Top Texts for May 2023

Dr Julie Blake has selected a wonderful collection of poems great for sharing aloud

Cloud Soup

by Kate Wakeling & illustrated by Elina Braslina 

I quip that I came to poetry aged 7 when my junior school teacher threw me out of the school choir. I can’t sing a note to this day but I always hear the music of a poem, sound definitely coming before sense, and Kate Wakeling’s poems for children delight my ears. A musician and musicologist as well as a poet, the poems in Cloud Soup ‘sing’ off the page – and that makes them great for sharing and performing aloud. Check out her own performance of an earlier poem ‘Comet’ on YouTube – it’s a meteroic effervescence of tongue-twisting language to have fun with.

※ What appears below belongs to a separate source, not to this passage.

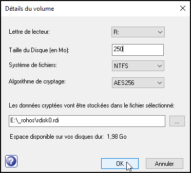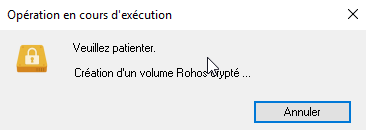 11. Votre volume caché et crypté est alors créé. L'opération peut durer plusieurs minutes suivant la taille du volume protégé et de la vitesse de votre clé USB.

This Rock, That Rock: Poems between you me and the moon

by Dom Conlon & illustrated by Viviane Schwarz

Single-authored collections of children’s poems commonly offer a smorgasbord of tasty poetic treats on all kinds of subjects. This one is different: its single subject is the moon and in Dom Conlon’s master-craftsman hands, we explore the moon anew, in a dozen different dimensions. In poems that are as varied as they are beautiful, we discover the truth of ‘you, me and the moon’. This is very fine children’s poetry indeed: quietly elegant, witty, humane and full of curious details that children love. It’s one to share aloud and keep coming back to, the poems and striking black and white illustrations endlessly inviting us on imaginative journeys beyond ourselves.

Tiger, Tiger, Burning Bright!

Chosen by Fiona Waters & Illustrated by Britta Teckentrup

Tiger, Tiger, Burning Bright is a big handsome book of poems. It’s stuffed full of treasure: 366 poems, judiciously selected to encompass all kinds of animal life; many different poetic shapes, sizes and forms; and poets classic and contemporary, famous, familiar and less well known. It’s a beautiful book too, a hefty hardbook for a library table or classroom sharing, with gorgeous illustrations that complement the poems and invite journeys of wonder and discovery. The fashionable sub-title invites us to explore a poem a day but, honestly, we couldn’t be that disciplined. Why have one poem when you could have three?…

Julie Blake

About this month's reviewer

Dr Julie Blake, FEA, FRSL(Hon), co-directs Poetry By Heart, the national poetry speaking competition for schools. She researches and writes about the history of poetry for children, and creates digital and print anthologies of poems for children and young people.